Certainly I WAS vulnerable already……I go out in public a lot. I talk to people everyday. I walk alone at night…..That’s vulnerable right? heck, I’m married, I’m a parent! yeah……I’ve got this vulnerability thing covered! She very politely listened to my rationalizing and justifying. I realize now that she was probably smiling and rolling her eyes at this point. At least she didn’t laugh out loud.
She explained that I had one last block in my flow that I needed to let go of in order to fulfill my life’s purpose. She implored me to ponder it and then practice being vulnerable and showing up fully by asking questions that I didn’t already know the answer to. yikes! That was NOT something I could even conceive of doing.
She told me to practice just putting myself out there honestly by asking for what I wanted and relinquishing any attachment to the outcome…….In other words risk hearing the word “no”, risk getting my feelings hurt and risk failing? again yikes! not something I really wanted to practice.
Suddenly I had visions of walking around exposed and naked. The story of the Emperor’s clothes came to mind and I cringed. Asking me to forget a lifetime of hurt and shed all of that protection I had spent years knitting around myself? I was wearing garments for protection that were constructed from scars that formed over past hurts.

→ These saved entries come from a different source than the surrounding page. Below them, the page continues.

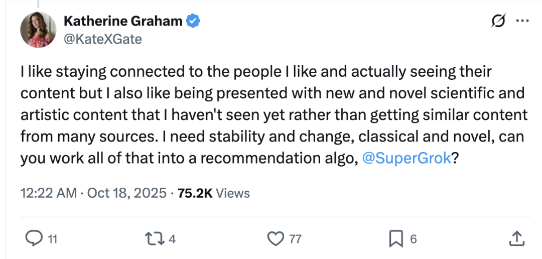 而且,用户还可以对Grok提出请求,从而动态调整内容推荐,让其更个性化。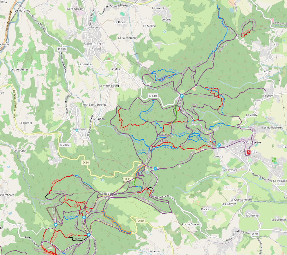 • ITINÉRAIRE DE L'ACTIVITÉ : Montée dans les Monts du Lyonnais ( Col de la Luère / Col de Malval) depuis la Gare de Lentilly-Charpenay par les petites routes et/ou pistes forestières faciles. Puis sentiers T2-T3 (bleu/rouge Trailforks) Retour sur une gare (l'Arbresle, Lentilly-Charpenay) ou directement sur Lyon à la pédale.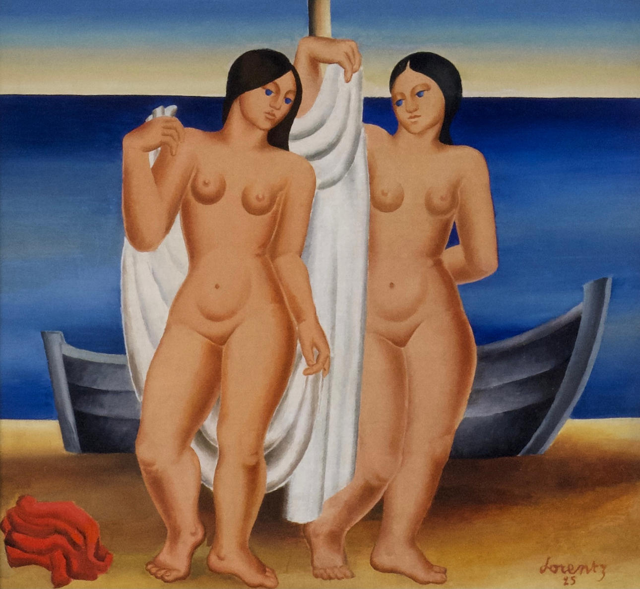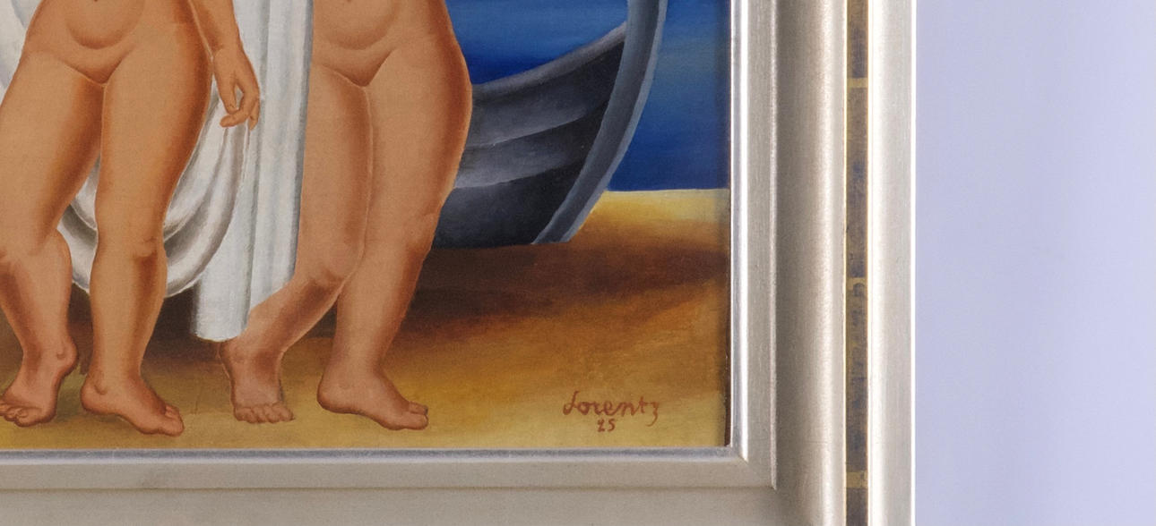Waldemar Lorentzon är tydligt influerad av sin lärare och målar de här åren flera verk som ligger denne nära. Auktionens målning är ett bra exempel på detta där de nakna kvinnofigurerna är uppbyggda på ett sätt som var högsta franska mode inom konsten år 1925. I ett brev daterat 15 november 1925 detta år skriver Lorentzon till Egon Östlund efter att ha återvänt till Paris efter en tid i Sverige: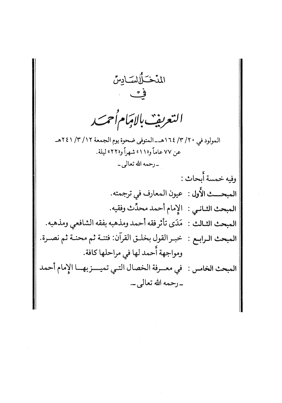 المدخل السادس: في التعريف بالإمام أحمد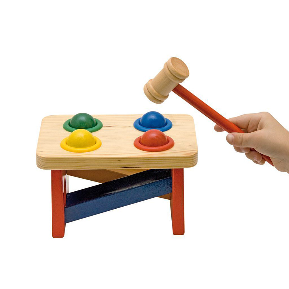 В началото детето трябва да вкара цветните топки в дупките, след което да удря с чукчето докато паднат през дупката и из.....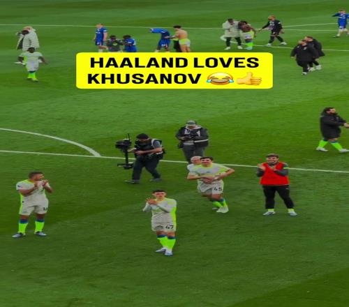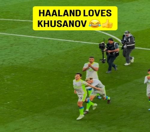 賽后曼城全隊(duì)向球迷謝場(chǎng)時(shí),胡桑諾夫有些不好意思接受球迷的掌聲,哈蘭德一把把他推到了球迷面前。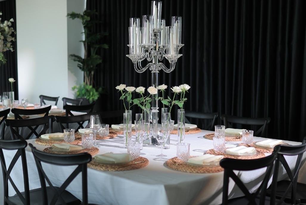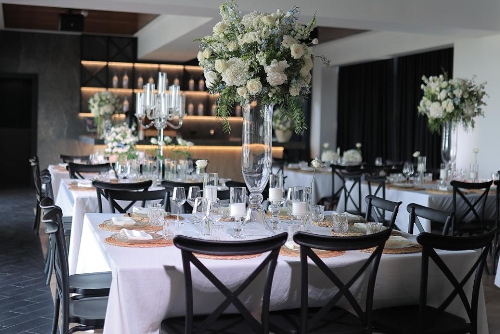 שני אולמות בוטיק אלגנטיים, מתאימים לכל עונות השנה, עם יכולת קיבולת של 120–150 אורחים (או עד 200 באיחוד שני החללים), מערכות תאורה, סאונד והקרנה מתקדמות, מסכי LED מרשימים, שולחנות וכיסאות מהודרים, בר יוקרתי ומטבחים מצוידים. חלונות פנורמיים אל הנוף המדברי מוסיפים נופך קסום לכל אירוע.

It was a lot of work creating all that protection and now she was telling me that in order to get what I wanted I had to show up without my protection?……..ugh!
I know better than to ignore sound advice, but like the cobbler who doesn’t take the time to make shoes for himself, us practitioners in the healing field often forget to attend to our own needs.
As always happens, someone out in the world recently showed up in my life for the distinct purpose of reflecting back an area of my life that I need to grow in….. There’s that conversation replaying in my head between my mentor and I about showing up fully and embracing vulnerability…..actually leaning into the discomfort of it.
In my practice I talk about letting go in order to receive. I advise people everyday to look around themselves to see what is showing up because other people are a reflection of what is inside ourselves. People come into our lives like big mirrors to teach us insight whether they realize it or not.
You know that moment when the steam clears and you see yourself clearly in the mirror? Tonight my reflection spoke that V word in conversation as if it was a compromised condition; a weakened state and I saw that suit of scars reflecting back at me, keeping me bound and from living life in the flow. The block in my flow system was that darn self protection I was STILL wearing! It really wasn’t a pretty to see. I looked away….
Again, people come into our lives to show us things……
Life has presented challenges lately and I’ve been retreating a little at times to lick my wounds. Before I went to sleep tonight I asked God to dissolve any blocks in my flow that were still present and to show me clearly what they were. God is a prankster at times and tonight I was awakened at midnight with a feeling of joy realizing that block I had around vulnerability just dissolved. Yeah….my aha moment came at midnight.
I woke up happy that I had felt hurt because it meant that I had been fully present and vulnerable. I’m okay with that.
Now I ask you…..Are you showing up fully in your life? If not, what is blocking that process for you?